I'm going to lock in the lobsters, too.
I think we're right.
You're both locking in on lobsters?
Yeah.
Well, we're starting out with a sweep.
You've both got it.
Look at that teamwork.
We're so smart.
Lobster larvae, which are super cute.
So there's a lobster called Phyllosoma.
Probably as good as I'm going to do.
They're only a few centimeters long and they float around in the ocean.
And they also will attach themselves to jellyfish.
So they are much smaller than a jellyfish, but they'll latch on.
And the jellyfish help them get around, find a different place to be.
They also are a convenient meal.
So they like to eat their
tentacles specifically. And scientists at Hiroshima University wondered how the lobster larva were
able to eat those tentacles without dying from all that venom, as parts of the gut should be
vulnerable to those stingers. And the lobster larva died if they were directly injected with
the venom. So the scientists knew it wasn't that they were just immune to it.

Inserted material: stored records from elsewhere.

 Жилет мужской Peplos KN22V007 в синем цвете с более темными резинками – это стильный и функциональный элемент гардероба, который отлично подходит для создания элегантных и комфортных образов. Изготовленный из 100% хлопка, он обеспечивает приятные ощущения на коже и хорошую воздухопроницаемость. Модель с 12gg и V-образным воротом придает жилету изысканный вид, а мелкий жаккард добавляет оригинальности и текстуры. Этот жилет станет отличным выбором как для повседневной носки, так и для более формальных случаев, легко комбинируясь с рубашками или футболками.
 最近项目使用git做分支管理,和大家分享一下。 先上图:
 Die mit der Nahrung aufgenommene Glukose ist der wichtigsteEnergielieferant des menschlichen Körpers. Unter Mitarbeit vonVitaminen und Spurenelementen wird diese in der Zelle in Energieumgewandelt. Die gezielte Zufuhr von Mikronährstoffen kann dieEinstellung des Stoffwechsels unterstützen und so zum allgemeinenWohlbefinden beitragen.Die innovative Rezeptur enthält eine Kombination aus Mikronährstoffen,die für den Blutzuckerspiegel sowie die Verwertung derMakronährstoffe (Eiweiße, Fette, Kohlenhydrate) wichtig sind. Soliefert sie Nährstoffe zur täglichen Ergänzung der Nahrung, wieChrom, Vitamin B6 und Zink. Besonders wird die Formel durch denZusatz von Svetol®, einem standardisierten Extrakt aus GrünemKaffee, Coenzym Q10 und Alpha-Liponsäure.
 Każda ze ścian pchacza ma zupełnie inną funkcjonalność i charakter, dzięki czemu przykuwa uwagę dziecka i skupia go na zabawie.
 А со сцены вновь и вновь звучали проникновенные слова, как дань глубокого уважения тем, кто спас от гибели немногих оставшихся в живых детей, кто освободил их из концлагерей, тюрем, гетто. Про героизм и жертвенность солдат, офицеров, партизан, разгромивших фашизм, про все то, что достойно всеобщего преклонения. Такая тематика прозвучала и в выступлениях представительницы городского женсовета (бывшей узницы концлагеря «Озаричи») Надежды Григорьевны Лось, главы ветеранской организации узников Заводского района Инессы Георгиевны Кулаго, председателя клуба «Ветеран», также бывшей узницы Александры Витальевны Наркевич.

There had to be some kind of mechanism keeping them from getting stung.
So they fed them a diet exclusively made up of sea nettle jellyfish and studied the poop.
And they found that the fecal pellets were wrapped in a semi-permeable membrane that
allowed nutrients to pass through, but prevented the stingers from getting out.

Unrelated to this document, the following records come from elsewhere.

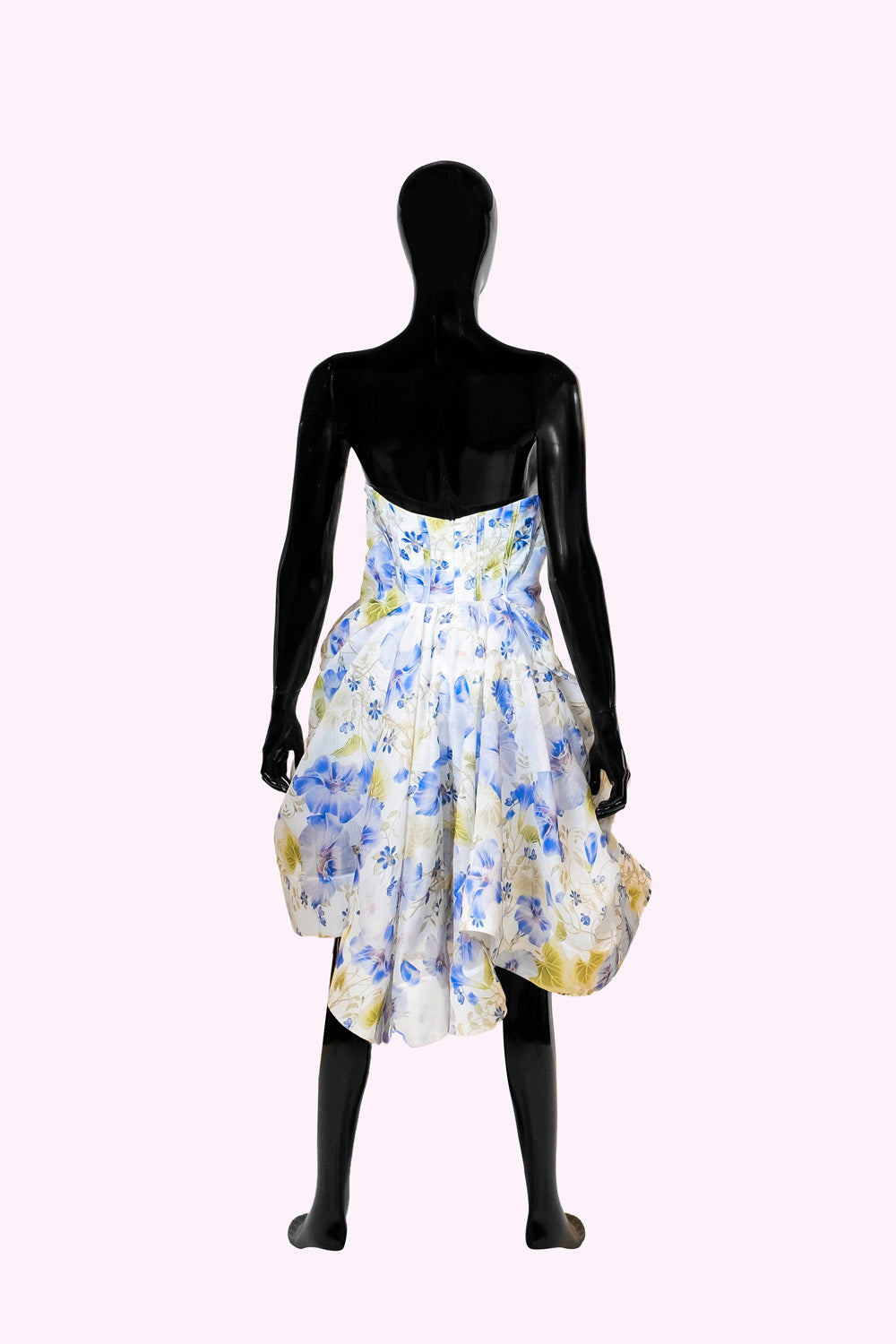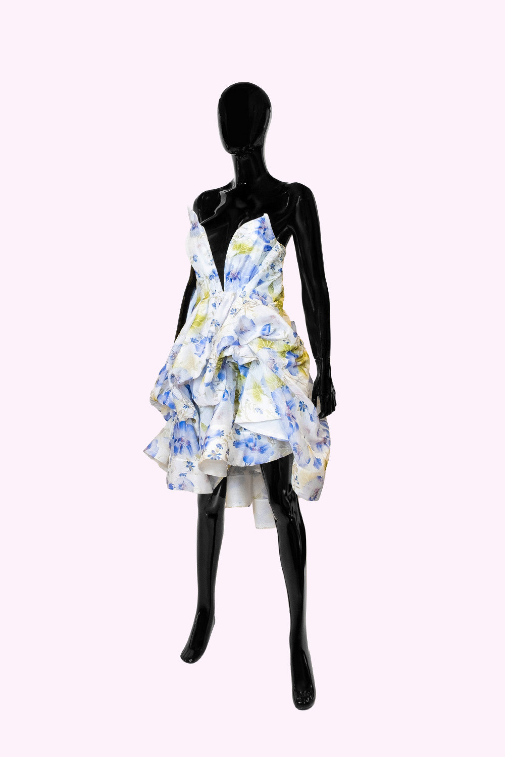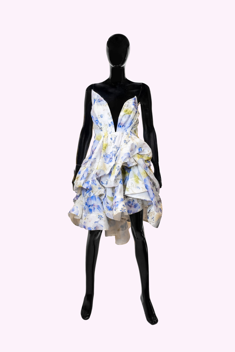 Baharın ilk sabahı gibi… Thaleia elbisesi, hayat dolu çiçek desenleri ve heykelsi katmanlarıyla adeta bir tabloyu andırıyor. Pastel mavi ve sarının yumuşak uyumu, romantik bir akşamı ya da yazın içindeki bir kutlamayı selamlıyor. Derin V yaka, feminen bir iddia sunarken; hacimli etek kısmı hareketli bir şiire dönüşüyor.
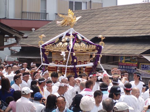 神輿のまわりに大勢の人が集まっていました |
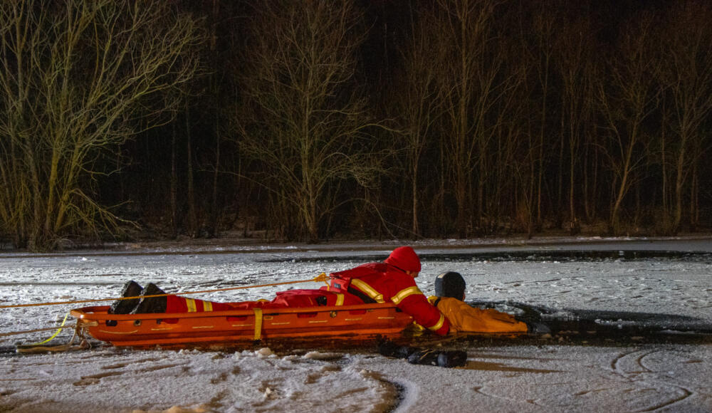 Eisrettungsübung von Feuerwehr und DLRG in Rheinhessen

I just saw a picture of a baby lobster that made me tear up.
So look up some pictures of baby lobsters.
They're really cute.
Look at baby poses on top of a 17 pound lobster for photo shoot.
How do you feel about that?
Wait, is this real?
Yeah.
Which is cuter?
The baby lobster.
This one's gruesome.
I guess this lobster is about to be boiled, probably.
All right.
So congrats to you both.
There were nuggets of truth in the other ones.
It is true that animals will eat each other's poop for microbiome reasons.
Baby elephants and hippos eat the feces of their moms.
But the plateau pika does eat yak poop.
This behavior, however, is not restricted to the young.
It just appears to be a survival strategy during the winter and might explain why the pika likes to live in the same areas as the yak, even though they compete for the same food.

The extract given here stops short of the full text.